Sie sagte es so, als lebte sie mit allen unter einem Dach, jederzeit bereit zu Gespräch und Fürsorge. Sie sagte, sie habe mir das Früh­stück in der Stube gerichtet. Sie hatte ein frisches Tuch über den Tisch gelegt, der viel zu groß für mich war. In einer Wärmekanne war Kaffee, in einem Krug Milch. Dazu gab es Brot, Butter und Ho­nig. Die Stube war quadratisch, von den wohltuenden Proportionen, die die alten Baumeister im Blut und in den Händen hatten, die Kassetten­decke aus Holz. An den vier Fen­stern die gleichen ungebleichten Vorhänge wie in meiner Kammer.

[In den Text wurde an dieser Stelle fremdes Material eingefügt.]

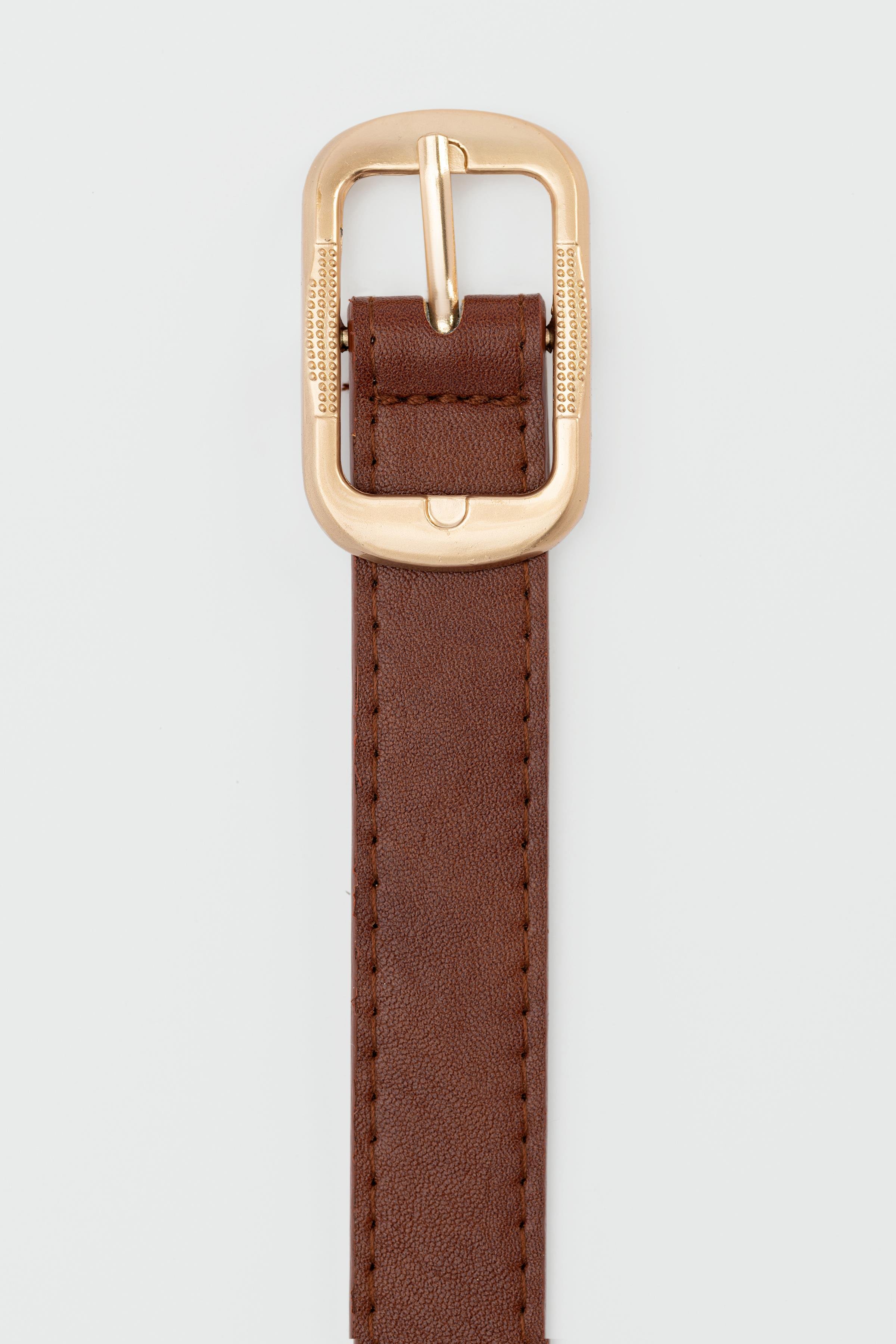 Dikdörtgen Tokalı İşlemeli Suni Deri Kemer Taba (shule008446)

Wer lebte in dem großen Haus? Später erfuhr ich, daß die beiden Söhne auf der Landwirtschafts­schule lernten, die Tochter zu einer Schneiderinnenausbildung in der Stadt sei. Die alten Eltern lebten noch im Haus. Ich sah sie in der Küche. Philemon und Baucis. Sie schienen einander zugetan. Mehr: sie schienen nicht nur gelitten, geduldet, sie gehörten hierher, mit einer Selbstverständlichkeit, die nicht besprochen wurde. Die alte Frau schnitzelte Bohnen, der Mann las in einem Kalender.

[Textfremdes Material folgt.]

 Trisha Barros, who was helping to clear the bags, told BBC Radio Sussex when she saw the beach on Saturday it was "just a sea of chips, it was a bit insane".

„Für meine lieben Toten." Ich är­gerte mich, weil ich den Satz senti­mental fand, wußte, daß er alles an­dere war als sentimental. Was die Frau aussprach, war eine Wirklich­keit. Sicher hatte sie noch nichts von den Schwierigkeiten der mo­dernen Gesellschaft gehört, die den

Tod verdrängte, weil sie ihm hilflos gegenüberstand, die ihre Alten in sogenannte Heime abschob, wo man sie selten sah.

Diese zwei, so viel stand fest, durften ihrem Leben und ihrem Tod ruhig entgegensehen. Sie würden unter diesem Dach sterben. Die Ker­ze brannte dann auch für sie.

Es ist Jahrzehnte her seit jener Übernachtung in dem frem­den Haus. Ich bin nie wieder dort gewesen. Wahrscheinlich würde ich es nicht mehr finden.

Als ich wieder daheim war, kam ein Brief mit schwarzem Rand. Am anderen Morgen zündete ich eine Kerze an und von diesem Tag an jeden Tag, bis auf den heutigen. Die Zahl meiner Toten ist inzwischen groß geworden.

Was ist das: tot? Meine Toten sind sehr lebendig. Manche sind mir nach ihrem Tod so nahe gekommen wie nie zuvor im Leben. „Die Worte der Sterbenden sind kostbar", sagt Ilse Aichinger. Die der Toten auch.

Auf einem Friedhof in einem Ge-birgsdorf, die Einheimischen nen­nen ihn Gottesacker, fand ich un­längst auf einem Grabstein einen Spruch, der mich überraschte. Ein­mal, weil er von Leonardo da Vinci war und zweitens: wie kam de; Spruch in diese Gegend? Er heißt: „Glücklich werden die sein, die den Worten der Toten Gehör schenken." Zugleich fiel mir ein Text ein, der während der Trauungs-Zeremonie oft verwendet wird:.....bis daß der Tod euch scheidet." Ich habe ihn nie verstanden. Warum sollte aus­gerechnet der Tod, der alle und alles zusammenführt, die Menschen scheiden? Da ihnen doch Auferste­hung und Gemeinschaft verheißen ist. Nicht nur der Tod gehört in unser Leben. Auch die Toten, zu denen wir heute oder morgen gehö­ren werden. Auf die wir zu-sterben. Zu-leben. Wenn wir hier Sterbende sind, müssen wir dort Lebende sein.